== RECORDS TO USE

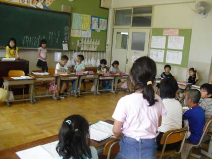 どの子も手を挙げ、意見を堂々と話しあっています。
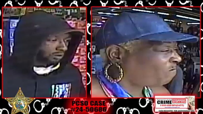美國佛州女子(右)進入1美元商店時,竟當眾大號掩護男性同夥(左)行竊逃逸。(圖擷自Polk County Sheriff「X」帳號)
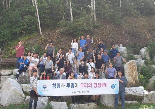 국립산림과학원 목재이용연구부에서는 지난 8월 30일에 강원도 원대리의 자작나무 숲에서 자작나무의 깨끗한 수피처럼 청렴한 공직사회를 위한 ‘반부패.청렴실천 및 갑질근절 캠페인’을 전개했다.
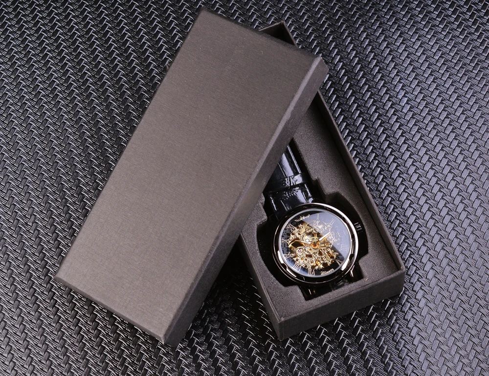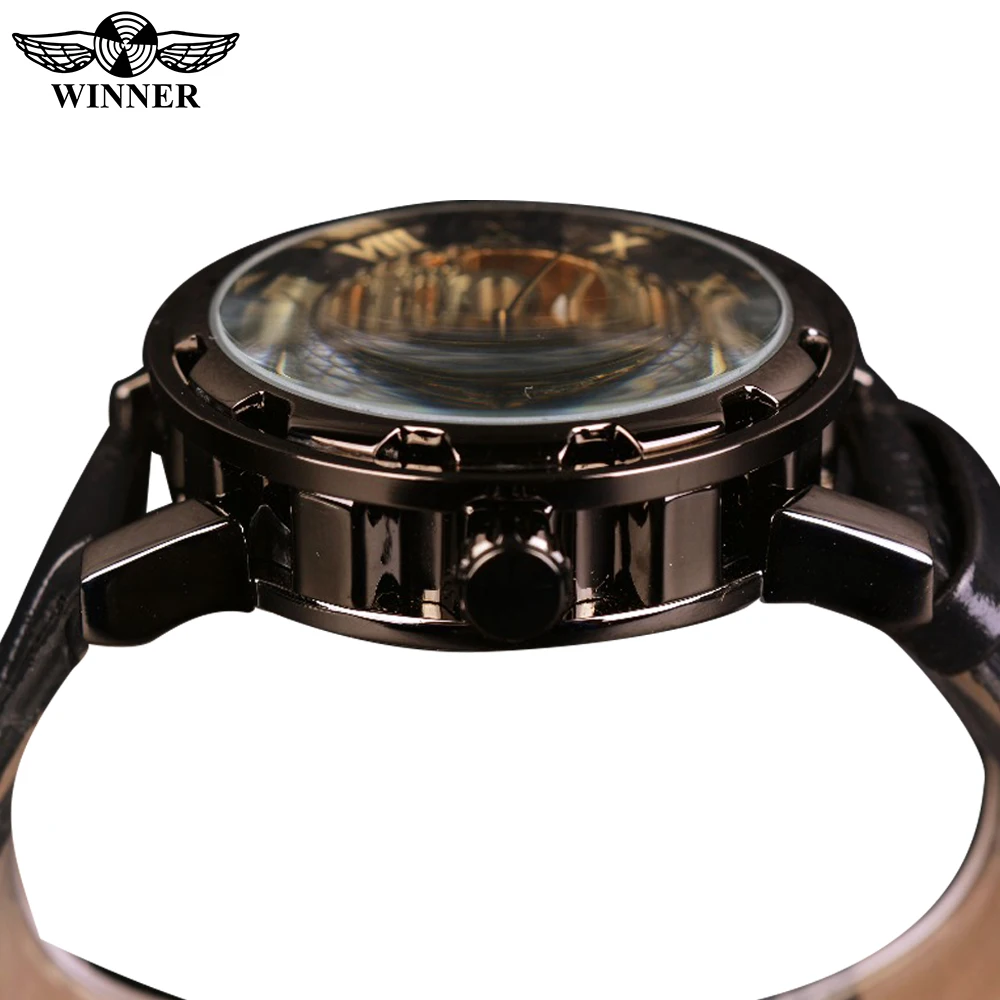 Черное Золото Ретро Мужские часы Скелетон Мужские Часы Роскошный Бренд Кожанный Ремешок Ручные Механические Мужские Часы
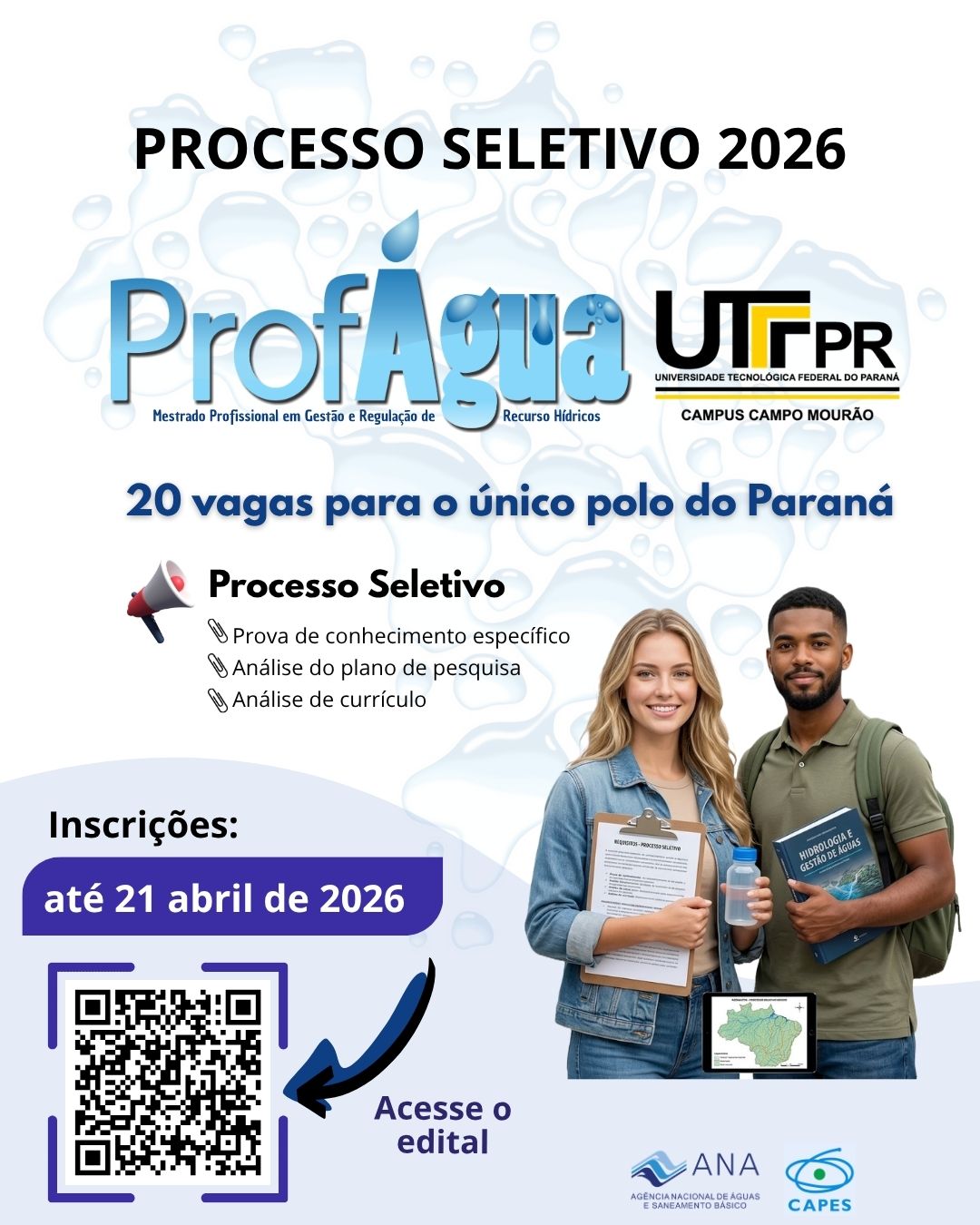 Abertas as inscrições para o Processo Seletivo 2026 do Mestrado ProfÁgua
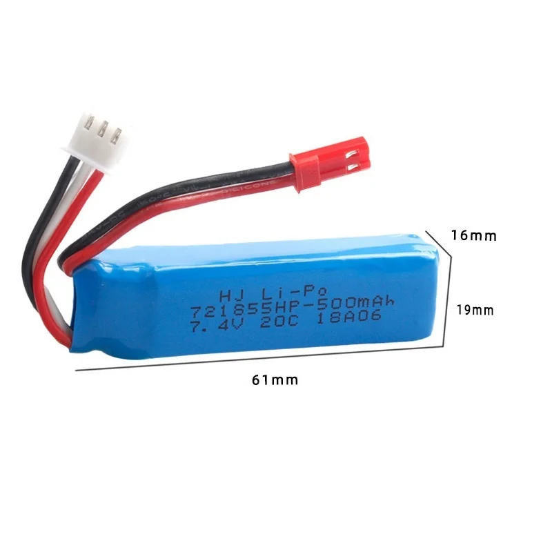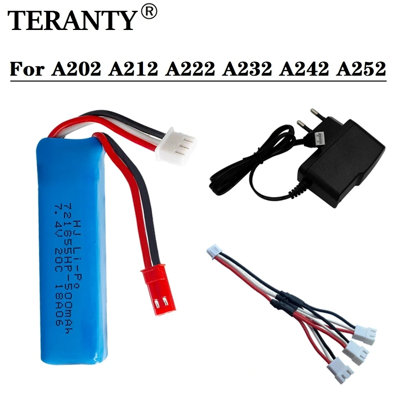 Batería Lipo de 7,4 V y 500mAh, cargador de batería para WLtoys A202, A212, A222, A232, A242, A252, 4WD, control remoto, coches de juguete de alta velocidad
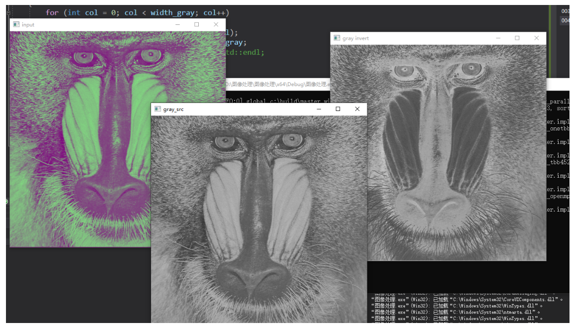 1 #include<opencv2/core/core.hpp> 2 #include<opencv2/opencv.hpp> 3 #include<opencv2/imgcodecs.hpp> 4 #include<opencv2/highgui/highgui.hpp> 5 #include<iostream> 6 7 using namespace cv; 8 using namespace std; 9 10 int main(int argc, char** argv) 11 { 12 Mat src, gray_src; 13 src = imread("C:/Users/aber/Desktop/data/baboon.jpg"); 14 if (!src.data) 15 { 16 cout << "could not load the image..." << endl; 17 return -1; 18 } 19 20 21 int height = src.rows;//高度 22 int width = src.cols;//宽度 23 int channels = src.channels(); 24 cout << ("height=%d width=%d channels=%d", height, width, channels)<< endl; 25 for (int row = 0; row < height; row++) 26 { 27 for (int col = 0; col < width; col++) 28 { 29 if (channels == 3) 30 { 31 src.at<Vec3b>(row, col)[0] = 128;//blue 32 src.at<Vec3b>(row, col)[2] = 128;//red 33 } 34 } 35 } 36 37 cvtColor(src, gray_src, COLOR_BGR2GRAY); 38 namedWindow("gray_src", 1); 39 imshow("gray_src", gray_src); 40 int height_gray = gray_src.rows; 41 int width_gray = gray_src.cols; 42 for (int row = 0; row < height_gray; row++) 43 { 44 for (int col = 0; col < width_gray; col++) 45 { 46 int gray = gray_src.at<uchar>(row, col); 47 gray_src.at<uchar>(row, col) = 255 - gray; 48 //std::cout << ("gray:%d", gray) << std::endl; 49 } 50 } 51 52 imshow("gray invert", gray_src); 53 namedWindow("input", 1); 54 imshow("input", src); 55 waitKey(0); 56 return 0; 57 }
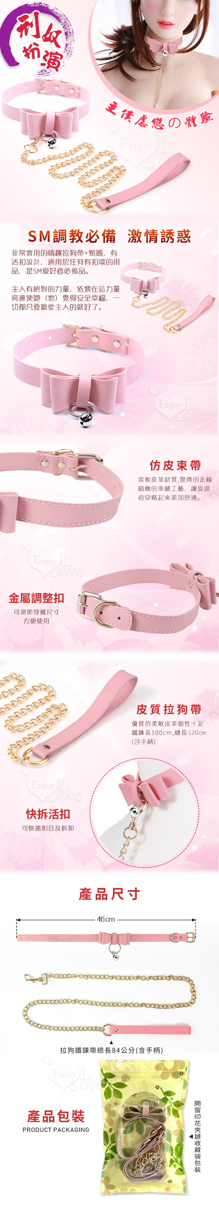 SM蝴蝶結鈴鐺項圈+牽引金屬鏈
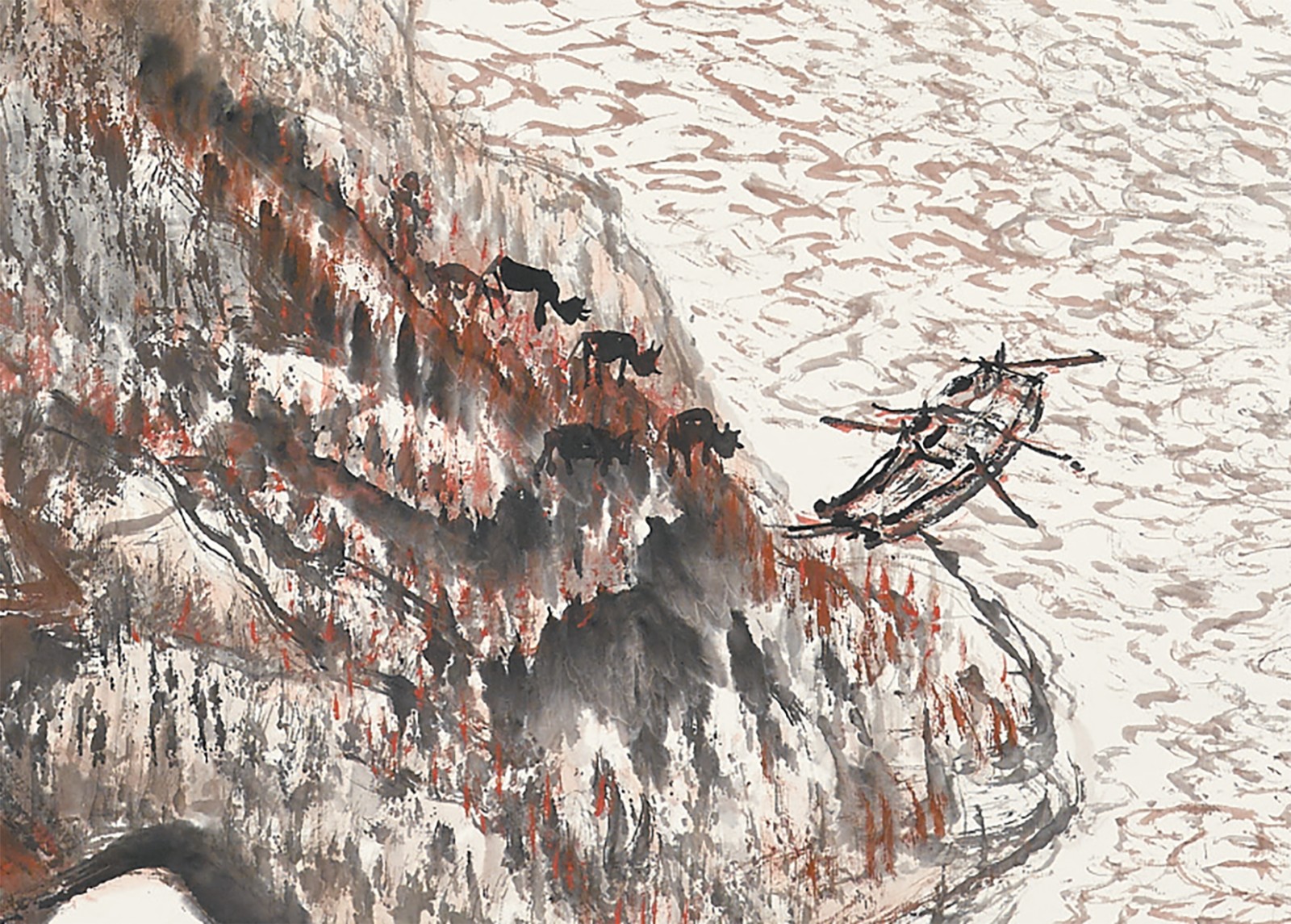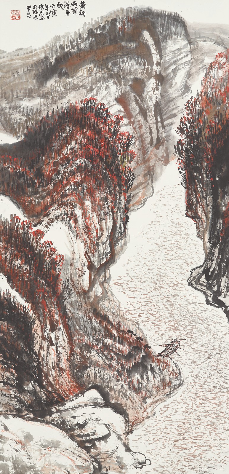 ?。ㄎ模菏挿溢鳎?/strong>長安畫派代表性畫家趙振川的山水畫具有鮮明的地方特色,題材新穎而又能與傳統(tǒng)筆墨相結(jié)合,充滿古韻新聲。其《黃河兩岸渡春秋》布局氣勢磅礴,用筆十分率真生動,用朱筆點染出一派「萬山紅遍,層林盡染」(毛澤東《沁園春·長沙》)的壯麗景象。山峰的繪製用筆肆意而水氣淋漓,生動自然地表現(xiàn)出巍峨壯闊的感覺。趙振川作畫喜用枯筆或淡墨向同一方向作皴,破開線條與輪廓,使畫面富有節(jié)奏感,充滿筆墨的韻律。河面的波紋採用捲曲的線條揮寫而成,黃河的浩蕩聲勢滾滾而來,令人如臨其境。
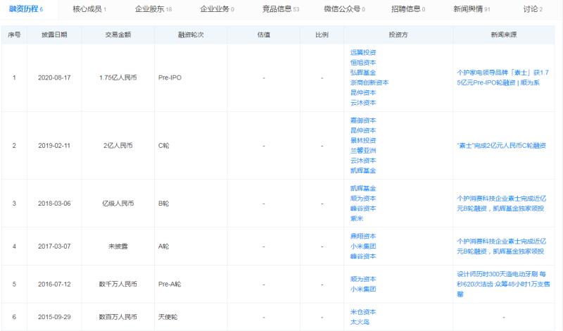 可以说,自2015年以来,素士先后受到多家投资机构或公司的青睐,平均每年都可以拿到一轮融资。截至目前,素士共完成6轮融资,投资方包括小米集团与顺为资本等知名投资机构或企业。2020年8月,素士宣布完成由远翼投资领投的1.75亿元Pre-IPO轮融资。
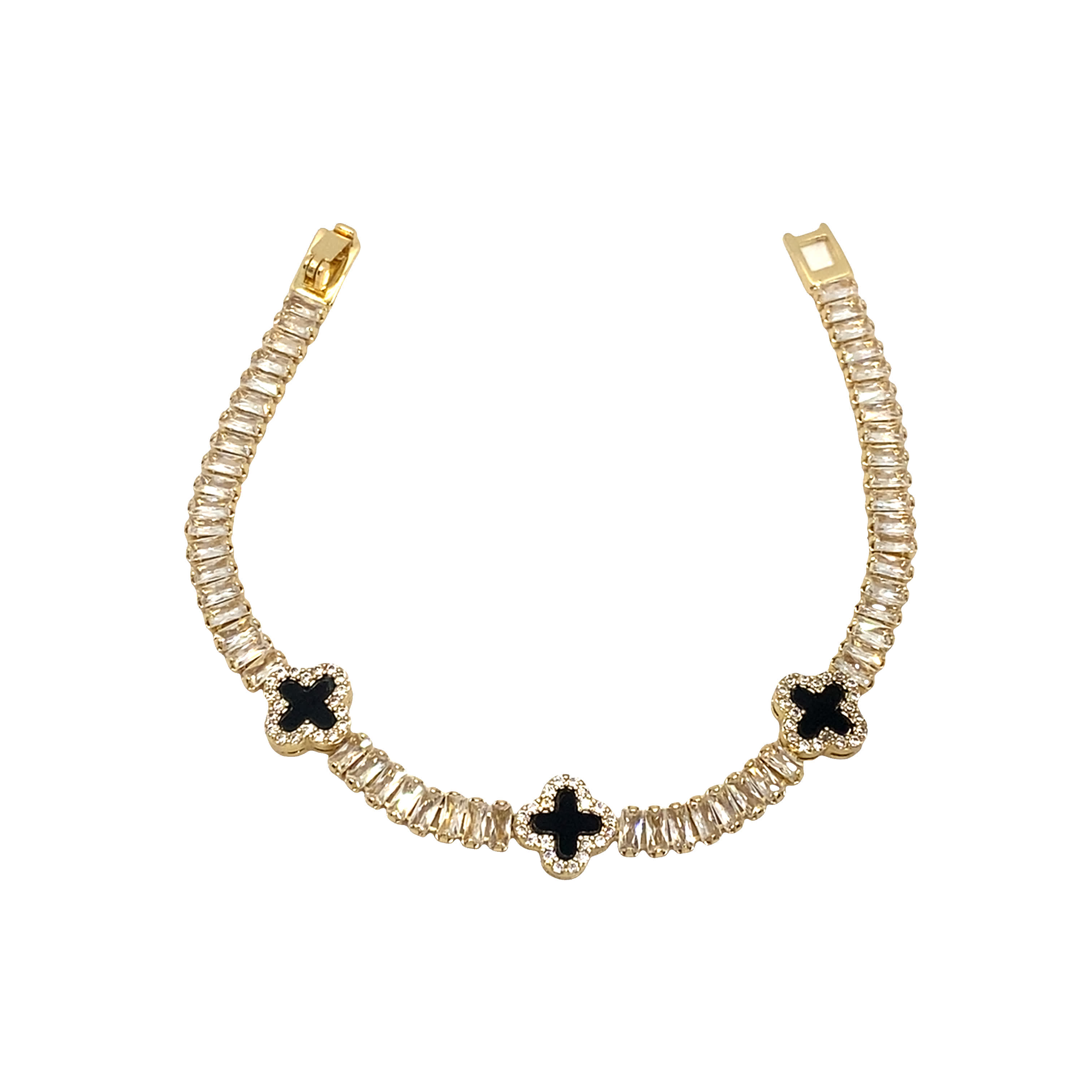 Bransoletka w kolorze żółtego złota z łańcuszkiem i diamentami w szlifie bagietkowym

====

WORK ORDER -> Each line of the data is to be duplicated exactly; pictures stay out of the copy.

OUTPUT OF THE TASK ->
 どの子も手を挙げ、意見を堂々と話しあっています。
美國佛州女子(右)進入1美元商店時,竟當眾大號掩護男性同夥(左)行竊逃逸。(圖擷自Polk County Sheriff「X」帳號)
 국립산림과학원 목재이용연구부에서는 지난 8월 30일에 강원도 원대리의 자작나무 숲에서 자작나무의 깨끗한 수피처럼 청렴한 공직사회를 위한 ‘반부패.청렴실천 및 갑질근절 캠페인’을 전개했다.
 Черное Золото Ретро Мужские часы Скелетон Мужские Часы Роскошный Бренд Кожанный Ремешок Ручные Механические Мужские Часы
 Abertas as inscrições para o Processo Seletivo 2026 do Mestrado ProfÁgua
 Batería Lipo de 7,4 V y 500mAh, cargador de batería para WLtoys A202, A212, A222, A232, A242, A252, 4WD, control remoto, coches de juguete de alta velocidad
 1 #include<opencv2/core/core.hpp> 2 #include<opencv2/opencv.hpp> 3 #include<opencv2/imgcodecs.hpp> 4 #include<opencv2/highgui/highgui.hpp> 5 #include<iostream> 6 7 using namespace cv; 8 using namespace std; 9 10 int main(int argc, char** argv) 11 { 12 Mat src, gray_src; 13 src = imread("C:/Users/aber/Desktop/data/baboon.jpg"); 14 if (!src.data) 15 { 16 cout << "could not load the image..." << endl; 17 return -1; 18 } 19 20 21 int height = src.rows;//高度 22 int width = src.cols;//宽度 23 int channels = src.channels(); 24 cout << ("height=%d width=%d channels=%d", height, width, channels)<< endl; 25 for (int row = 0; row < height; row++) 26 { 27 for (int col = 0; col < width; col++) 28 { 29 if (channels == 3) 30 { 31 src.at<Vec3b>(row, col)[0] = 128;//blue 32 src.at<Vec3b>(row, col)[2] = 128;//red 33 } 34 } 35 } 36 37 cvtColor(src, gray_src, COLOR_BGR2GRAY); 38 namedWindow("gray_src", 1); 39 imshow("gray_src", gray_src); 40 int height_gray = gray_src.rows; 41 int width_gray = gray_src.cols; 42 for (int row = 0; row < height_gray; row++) 43 { 44 for (int col = 0; col < width_gray; col++) 45 { 46 int gray = gray_src.at<uchar>(row, col); 47 gray_src.at<uchar>(row, col) = 255 - gray; 48 //std::cout << ("gray:%d", gray) << std::endl; 49 } 50 } 51 52 imshow("gray invert", gray_src); 53 namedWindow("input", 1); 54 imshow("input", src); 55 waitKey(0); 56 return 0; 57 }
 SM蝴蝶結鈴鐺項圈+牽引金屬鏈
 ?。ㄎ模菏挿溢鳎?/strong>長安畫派代表性畫家趙振川的山水畫具有鮮明的地方特色,題材新穎而又能與傳統(tǒng)筆墨相結(jié)合,充滿古韻新聲。其《黃河兩岸渡春秋》布局氣勢磅礴,用筆十分率真生動,用朱筆點染出一派「萬山紅遍,層林盡染」(毛澤東《沁園春·長沙》)的壯麗景象。山峰的繪製用筆肆意而水氣淋漓,生動自然地表現(xiàn)出巍峨壯闊的感覺。趙振川作畫喜用枯筆或淡墨向同一方向作皴,破開線條與輪廓,使畫面富有節(jié)奏感,充滿筆墨的韻律。河面的波紋採用捲曲的線條揮寫而成,黃河的浩蕩聲勢滾滾而來,令人如臨其境。
 可以说,自2015年以来,素士先后受到多家投资机构或公司的青睐,平均每年都可以拿到一轮融资。截至目前,素士共完成6轮融资,投资方包括小米集团与顺为资本等知名投资机构或企业。2020年8月,素士宣布完成由远翼投资领投的1.75亿元Pre-IPO轮融资。
 Bransoletka w kolorze żółtego złota z łańcuszkiem i diamentami w szlifie bagietkowym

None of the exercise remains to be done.